Here’s what you should probably do with this week’s jobless numbers: ignore them.
Here’s what you probably will do: talk about how the “unexpected” drop to the lowest level since January indicates that the worst fears about the economy may not be coming true.
But we’re getting ahead of ourselves. Let’s go to the tape: initial claims for jobless benefits dropped 52,000 to “a seasonally adjusted” 565,000 in the week ended July 4.
Economists had expected claims to fall by only 4,000. Which pretty much shows you that economists are pretty useless for this kind of thing.
One guy who may not be useless is Abiel Reinhart, an economist at JPMorgan Chase.

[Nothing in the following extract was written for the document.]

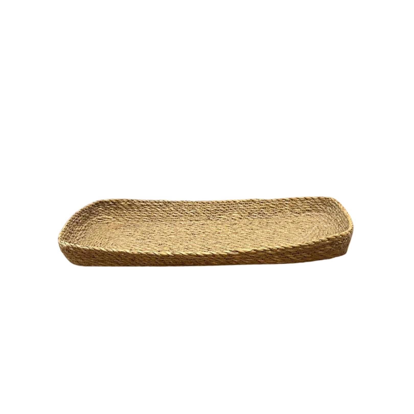 Charola de mimbre en tono beige, ideal para servir con estilo o decorar tus espacios con un toque natural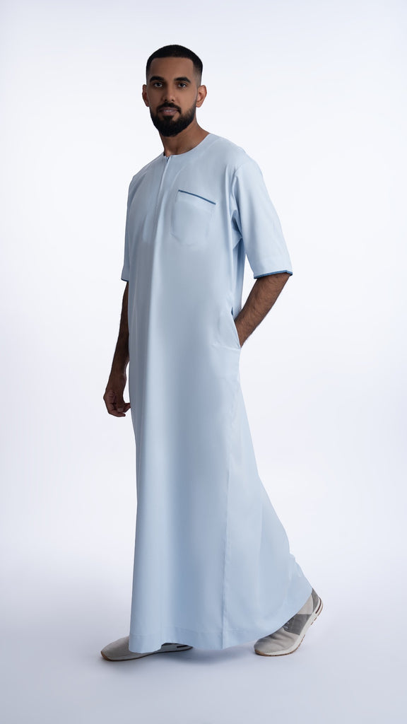 Introducing our Basic Sky Blue Half Sleeve Thobe, part of our Basics collection. Hand-finished in the UAE, this thobe features a convenient pocket and subtle blue piping for a touch of color. Perfect for everyday wear, whether you're running errands or attending a casual event.

He recently argued that there will be 50,000 fewer workers than normal filing jobless claims in early July.
One reason the new claims was probably lower was the absolute halt in US manufacturing in the first couple of quarters of this year, especially at the automakers. They traditionally lay people off in the summer and slow down production for plant improvements, but this summer they may be trying to play a bit of catch up by producing inventory that wasn’t built in the winter and spring. And as Reinhart said, Detroit has already fired so many workers and closed so many plants that there aren’t that many autoworkers to file claims.
The typical seasonality of jobless may be throwing off the numbers. Government planners anticipate an increase in jobless claims in the summer, and so they smooth them out. This is why the official numbers are “seasonally adjusted.” So this week’s drop in seasonally adjusted claims masks an actual increase in jobless claims. We jumped from 559,894 claims at the end of June to 577,506 for the July 4th week.